Consider an email application where 10 users receive an email with the same 1MB attachment. Without
Advanced LOB Deduplication, the system would store one copy of the file for each of the 10 users –
requiring 10MB of storage. If the email application in our example uses Advanced LOB Deduplication, it will
store the 1MB attachment just once. That’s a 90% savings in storage requirements.

In addition to the storage savings, Advanced LOB Deduplication also increases application performance.
Specifically, write and copy operations are much more efficient since only references to the SecureFiles
data are written. Further, read operations may improve if duplicate SecureFiles data already exists in the
buffer cache.

Backup data compression

RMAN makes a block-by-block backup of the database data, also known as a “physical” backup, which can be used to perform database, tablespace or block level recovery. Data Pump is used to perform a “logical” backup by offloading data from one or more tables into a flat file.

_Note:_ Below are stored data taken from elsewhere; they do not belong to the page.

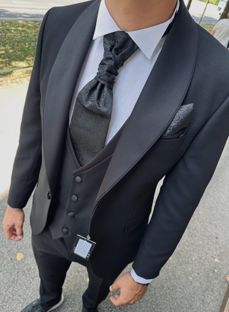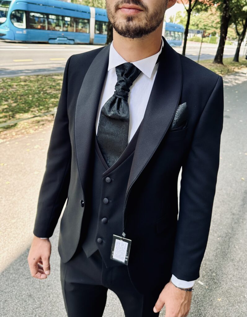 Elegantno i profinjeno, ovo svečano muško odijelo idealan je izbor za mladoženju koji želi izgledati besprijekorno na svom vjenčanju. Savršen kroj i luksuzni materijali pružaju osjećaj samopouzdanja i stila, dok prsluk, svečana kravata i ukrasna maramica dodaju dozu klasike i sofisticiranosti.
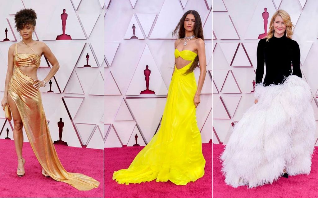 The skin-baring and the over-fluffy: (from left) Andra Day, Zendaya, Laura Dern. Photo: Getty Images
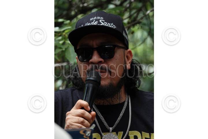 CIUDAD DE MÉXICO, 04ABRIL2024.- El rapero Muelas de Gallo durante la conferencia de prensa para anunciar el Encuentro Cannábico 2024. Espacio que busca reunir a especialistas y comunidad del mundo de la cannabis para concientizar sobre su consumo y demás aplicaciones que la planta tiene. FOTO: GALO CAÑAS/CUARTOSCURO.COM
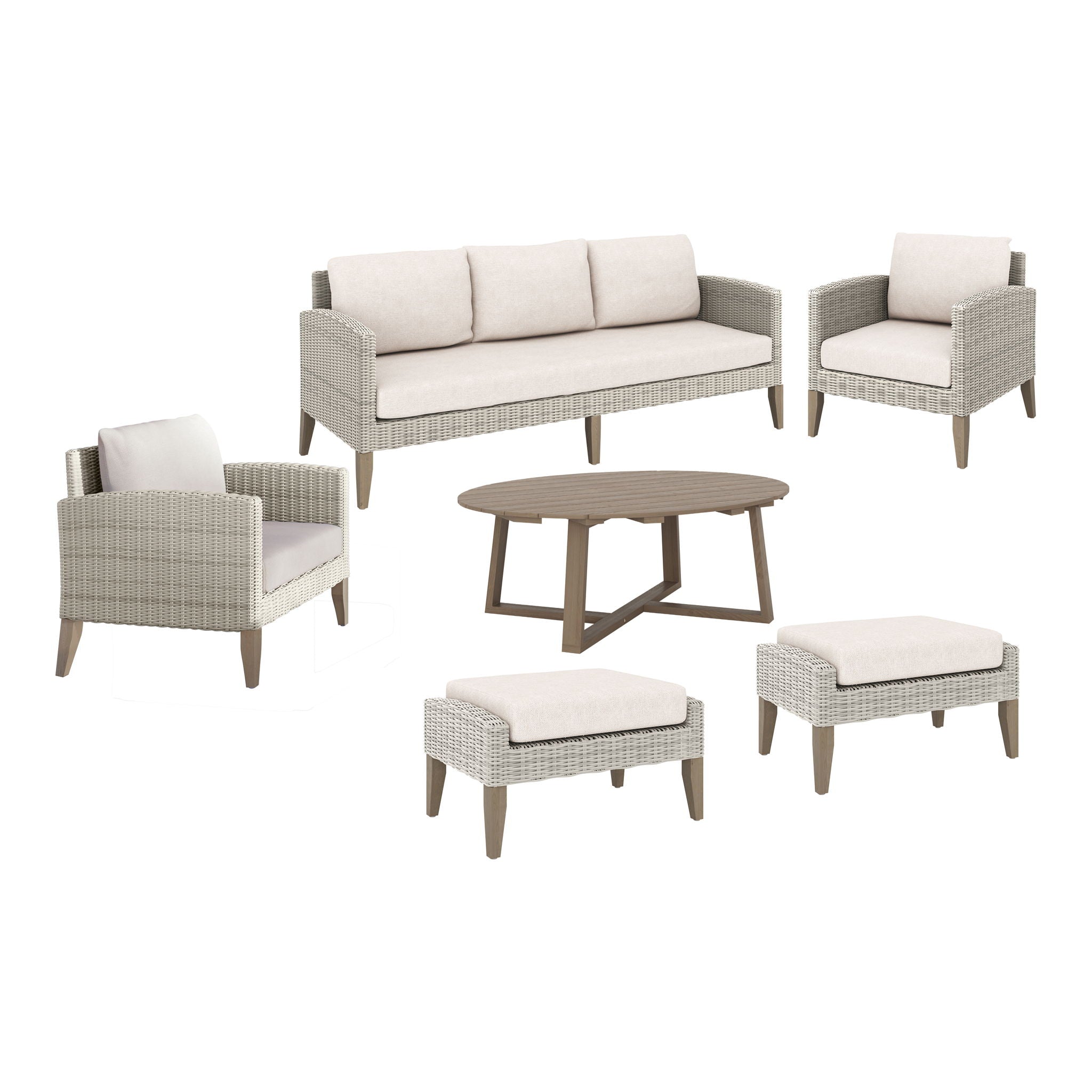 Introducing the Carezza Outdoor Collection, where durability meets comfort in a seamless blend of style and functionality. Crafted with precision using FSC Certified Acacia solid wood, weather-resistant wicker, and aluminum frames, this collection stands the test of time, promising years of outdoor enjoyment. The color fast, weather-resistant fabric, made of solution dyed 100% Polyester, ensures vibrant hues that resist fading, mold, and moisture, keeping your furniture looking fresh season after season. Sink into the lap of luxury with the high-density, 12cm foam seat and back cushions, providing unparalleled comfort for hours of relaxation. With its relaxed transitional style, featuring light wicker and wood finishes complemented by soothing taupe fabric, this set effortlessly transforms your outdoor space into a casual, welcoming retreat. Assembly is a breeze, taking approximately 45 minutes to secure legs to all five pieces, with clear instructions provided for your convenience. Elevate your outdoor living experience with the Carezza Outdoor Collection, where every piece is meticulously designed for your comfort and enjoyment.
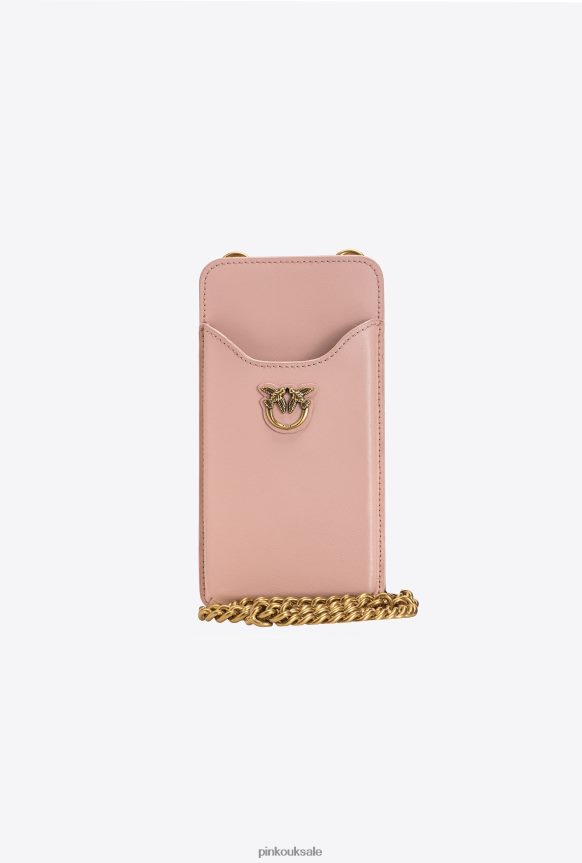 Microlove Bags | Pinko Leather smartphone holder DUSTY PINK-ANTIQUE GOLD FTB64L1243 Pinko Dress Uk
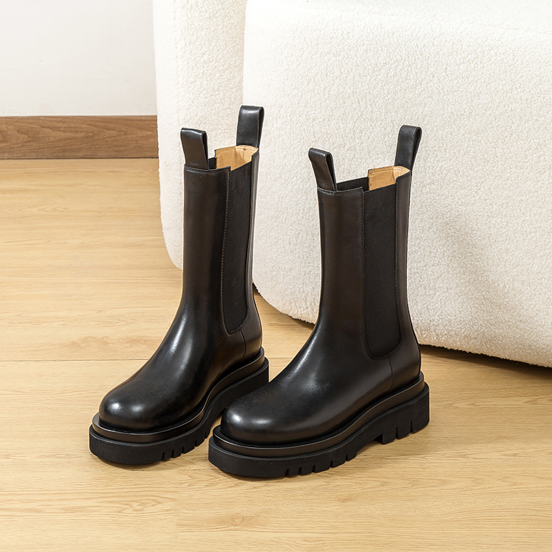 Chelsea booties women plus velvet thickened fur integrated smoke pipe thick soled smoke tube boots leather B у bv Martin boots

Due to RMAN’s tight integration with Oracle Database, backup data is compressed before it is written to
disk or tape and doesn’t need to be uncompressed before recovery – providing an enormous reduction in
storage costs and a potentially large reduction in backup and restore times. There are three levels of RMAN Compression: LOW, MEDIUM, and HIGH. The amount of storage savings increases from LOW to HIGH, while potentially consuming more CPU resources.

Data Pump compression is an inline operation, so the reduced dump file size means a significant savings
in disk space. Unlike operating system or file system compression utilities, Data Pump compression is fully
inline on the import side as well, so there is no need to decompress a dump file before importing it. The
compressed dump file sets are automatically decompressed during import without any additional steps by
the Database Administrator.

Data Guard redo log compression

Data Guard Redo Transport Services are used to transfer this redo data to the standby site(s). With Advanced Compression, redo data may be transmitted in a compressed format to reduce network bandwidth consumption and in some cases reduce transmission time of redo data. Redo data can be transmitted in a compressed format when the Oracle Data Guard configuration uses either synchronous redo transport (SYNC) or asynchronous redo transport (ASYNC).

Index Compression

Advanced Index compression is a new form of index block compression. Creating an index using Advanced Index Compression reduces the size of all supported unique and non-unique indexes -- while still providing efficient access to the indexes. Advanced Index Compression works well on all supported indexes, including those indexes that are not good candidates (indexes with no duplicate values, or few duplicate values, for given number of leading columns of the index) with the existing index Prefix Compression feature.

Network Compression

Advanced Network Compression, also referred to as SQL Network Data Compression, can be used to compress the network data to be transmitted at the sending side and then uncompress it at the receiving side to reduce the network traffic. Advanced Network Compression reduces the size of the session data unit (SDU) transmitted over a data connection. Reducing the size of data reduces the time required to transmit the SDU.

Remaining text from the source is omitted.